Il est important de comprendre que le régime alimentaire réduit l'insuline dans les cellules, contrôle son accumulation accrue dans certaines parties du corps. Cependant, il ne suffit pas de choisir un régime thérapeutique pour la résistance à l'insuline, une approche intégrée du problème avec le rejet obligatoire de toutes les mauvaises habitudes et la nomination d'un traitement médicamenteux est nécessaire. Les recommandations médicales suivantes contribuent à une récupération rapide:

  1. Le régime alimentaire et la perte de poids inhibent le processus pathologique, sans lequel une dynamique positive stable de la résistance à l'insuline est impossible..
  2. Changer de mode de vie et renoncer aux mauvaises habitudes est la moitié du succès, il ne reste plus qu'à normaliser le fond hormonal perturbé.
  3. La thérapie de remplacement prévient l'infertilité en temps opportun et est essentielle pour vaincre la résistance à l'insuline..

Médicaments

Parmi les médicaments, les médecins prescrivent des hormones synthétiques en un cycle complet sans faute. C'est un moyen de normaliser le travail du pancréas, de réguler le fond hormonal perturbé et de contrôler la concentration d'insuline dans les cellules. Les médecins distinguent deux catégories de médicaments pendant le traitement. Il:

  • hormones synthétiques: Duphaston, Utrozhestan.
  • médicaments pour augmenter la sensibilité à l'insuline: metformine, éthomoxir.

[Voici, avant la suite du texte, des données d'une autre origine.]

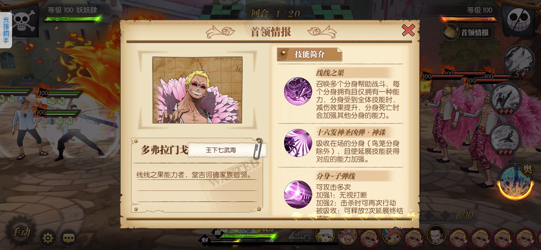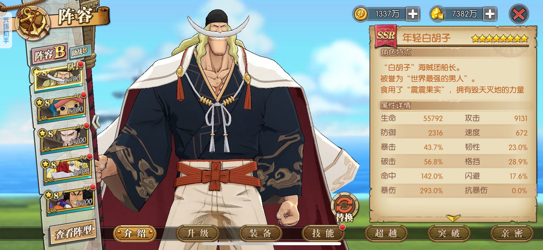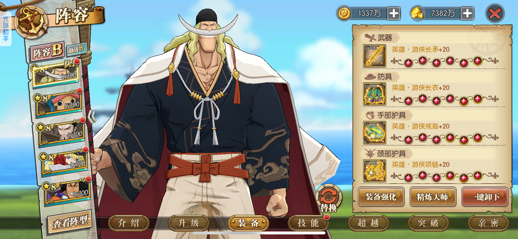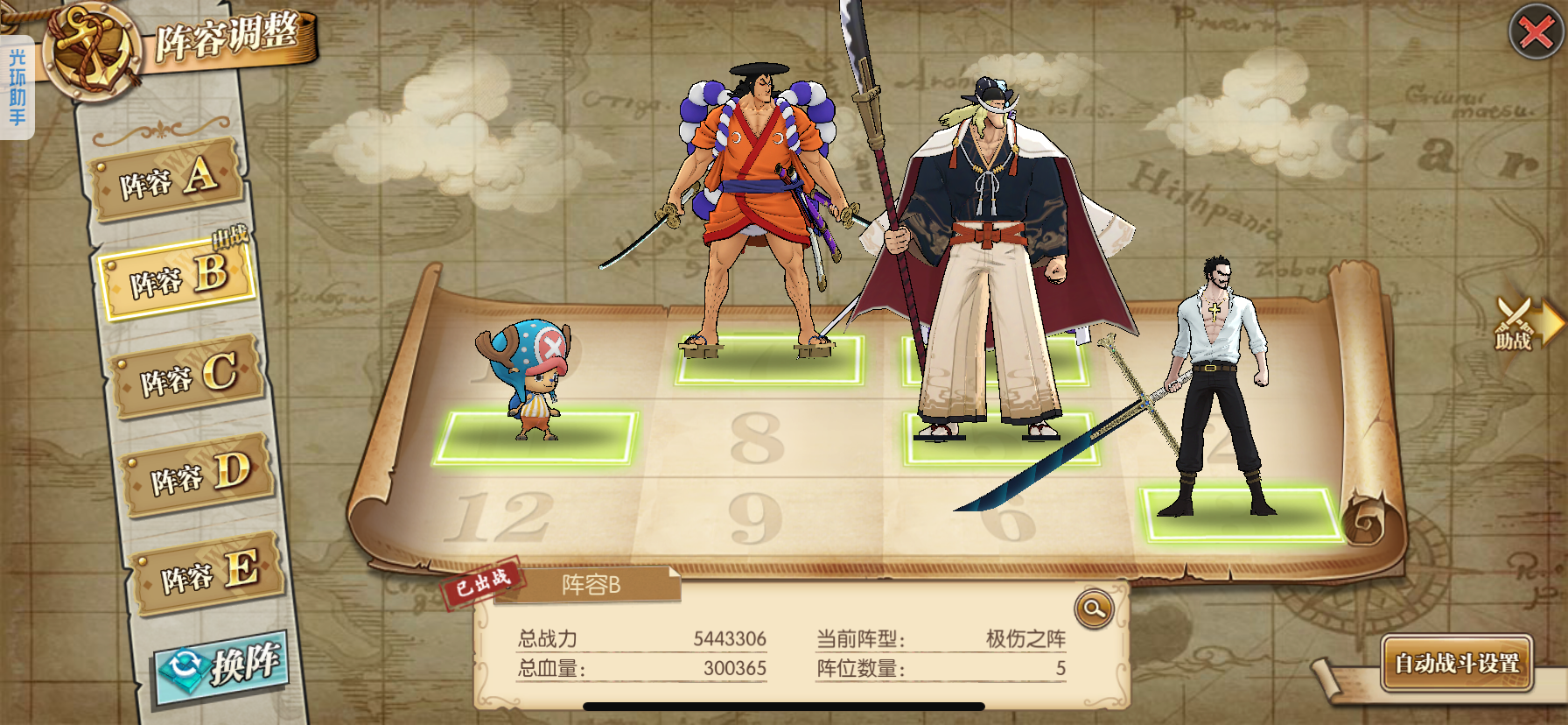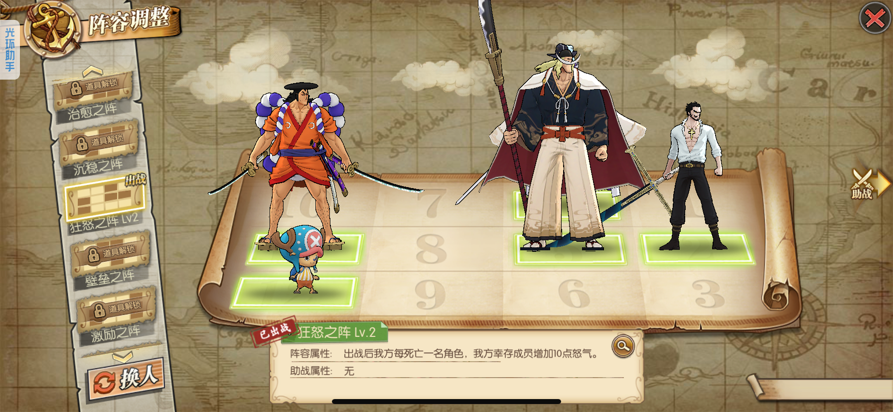 打法:让助阵人物角色都是加攻击,暴伤的buff,上乔巴或小白马为buff提高团队输出,上阵的人物角色都推荐以游侠套装为主,白胡子为主力输出!
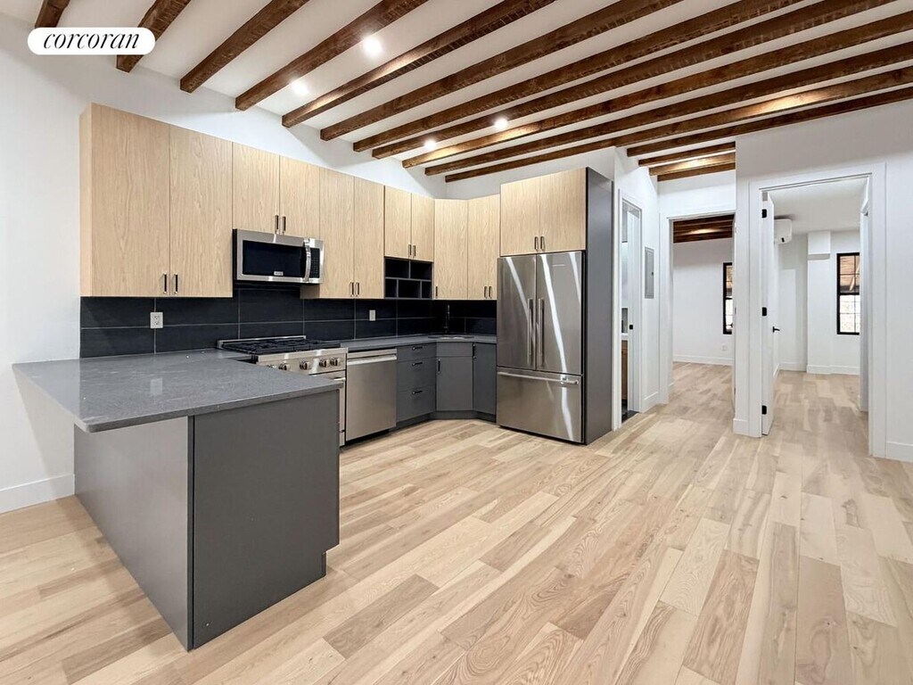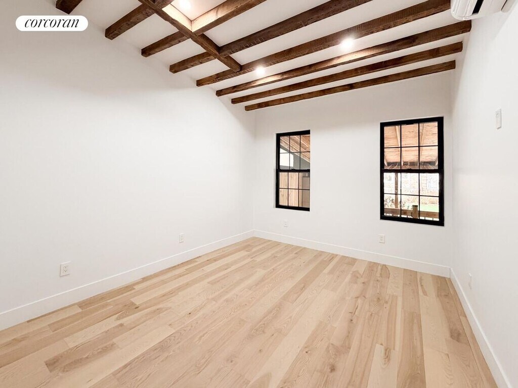 Greenpoint Duplex with Expansive Backyard and Versatile LayoutThis contemporary 3-bed+bonus room, 3-bathroom duplex offers generous proportions, thoughtful design, and rare outdoor space-just two short blocks from the G train in Greenpoint. A 20 ft wide apt is unlike other apt in the neighborhood. With 2,000 sq ft, and a substantial 1000 sqft exclusive yard, it's proportions are of a modest townhouse.The main level features 10-foot ceilings, beautiful wood floors, and an open-concept living, with a separated dining, kitchen with full-size stainless steel appliances including a refrigerator, microwave, and dishwasher. The south-facing living room window frames treetop views and adds a sense of openness to the space. Three well-sized bedrooms on this floor offer closet and storage space, with one room leading to a covered porch extension and further to the backyard, ideal for outdoor dining or relaxing.Additionally the other floor offers a nearly identical floor plate. With ceilings over 7 ft and a bathroom, allow it to serve as an art studio, an office, workshop, music practice room, gym or media lounge. Here you can find a dedicated laundry room with full-size washer and dryer, a ductless heating and cooling system, and direct access to the backyard via a short set of exterior steps.A covered rear patio adds versatility-perfect for a workshop, shaded lounge, or additional storage. The serene, flower-lined backyard opens to an expansive view of blue sky, creating a calm and private setting rarely found in the neighborhood.Located minutes from local favorites including La Merced, Wen-Wen, Radio Bakery, Ilis, Lil Armenia Café, Leroy's, MoKafe, Le Fanfare, and Troost, this residence combines modern comfort with the vibrant character of Greenpoint living.$20 Application feeDue at lease signing: Security deposit 1 full month of rent1st full month of rent

Pour comprendre comment cela fonctionne et pourquoi un traitement médicamenteux pour la résistance à l'insuline est nécessaire, une brève description des médicaments les plus efficaces dans une direction de traitement donnée est présentée ci-dessous:

  1. Dufaston. Les comprimés peuvent être prescrits pendant la grossesse ou les maladies gynécologiques progressives. Posologie et administration associées au cycle menstruel.
  2. Metformine. Les comprimés oraux qui jouent le rôle de thérapie de remplacement offrent une résistance à l'insuline. Le médicament améliore les effets thérapeutiques de l'alimentation et de la perte de poids..

Régime

Si vous respectez le menu diététique, vous pouvez résoudre le problème de santé sans médicaments supplémentaires. Étant donné que les glucides augmentent la glycémie, vous devrez à tout jamais renoncer au sucre, aux bonbons et aux confiseries. Les fruits sucrés, les viandes grasses et l'alcool sont interdits. Mais les ingrédients alimentaires suivants sont autorisés:

  • produits laitiers écrémés;
  • céréales et œufs;
  • boeuf et poulet;
  • soja.

Perte de poids

Si vous perdez du poids, le problème mondial de la résistance à l'insuline sera résolu de 50%. La correction du surpoids aide à éliminer les tissus adipeux dans lesquels prédomine l'accumulation accrue d'insuline. Ne vous affamez pas, mais une bonne nutrition, l'abandon de mauvaises habitudes et une activité physique modérée ne profiteront qu'au patient.

Des exercices

Nous parlerons de l'entraînement aérobie, qui a un effet systémique dans tout le corps - réduire le poids, augmenter le tonus, prévenir les pathologies cardiovasculaires et nerveuses. Voici les exercices les plus efficaces pour la résistance à l'insuline:

  1. Marcher au grand air pendant 30 minutes le matin et le soir.
  2. Allez nager, faire du vélo.

Effets

Avec la résistance à l'insuline et l'absence de traitement rapide, le patient s'attend à de graves problèmes de santé. Par conséquent, il est important de suivre un régime à temps et de prendre des hormones. Une menace potentielle est les diagnostics suivants qui sont difficiles à traiter avec prudence:

  • maladies cardiovasculaires;
  • l'athérosclérose;
  • syndrome des ovaires polykystiques;
  • obésité du foie;
  • anomalies de croissance physiologiques.